Breedon-on-the-Hill is a village in the North West Leicestershire district of the county, 5 miles N of Ashby-de-la-Zouch and only 2 miles from the Derbyshire border. The church dominates the surrounding country from a dramatic position on a hill outside the village to the N, and stands in a large churchyard. It now consists of an aisled nave and chancel in one with a S porch and a W tower, but the true situation is more complicated.
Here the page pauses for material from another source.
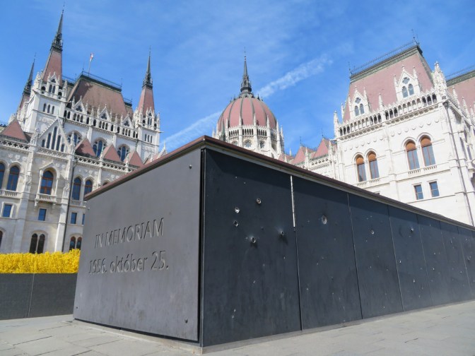 At the front of the Parliament building is the underground museum to the Hungarian Revolution of 1956, the uprising against the Soviets which almost succeeded before being crushed with the loss of several thousand lives. This is the entranceway although I’m uncertain whether the bullet holes are historical.

The site was an Iron Age hill fort, and in the 7thc a monastery was founded from Medeshamstede (Peterborough). This little monastery ceased to exist during the Viking invasions of the 9thc. The present church was built as an Augustinian Priory church in the reign of Henry I as a cell of Nostell Priory (Yorks). It was a cruciform building, but all that remains of this are the lower parts of the tower and part of the S transept, which serves as the porch. The chancel was rebuilt in the 13thc., and a clerestorey and battlements added in the 15thc. The Norman nave was replaced by an aisled 15thc nave, not placed axially because of the existing cloister. The E respond and springing of the S nave arcade remain in the W wall on the tower, but the rest of the nave was demolished at the Dissolution, when the chancel became the nave of Breedon's parish church.
Breedon is celebrated for the 9thc sculpted friezes and panels from the first church, all now reset inside the building (see Clapham (1928)). There are a few Romanesque remains described here; the N tower doorway and W tower window, and a chevron voussoir reset in the S nave wall among the Anglo-Saxon frieze fragments.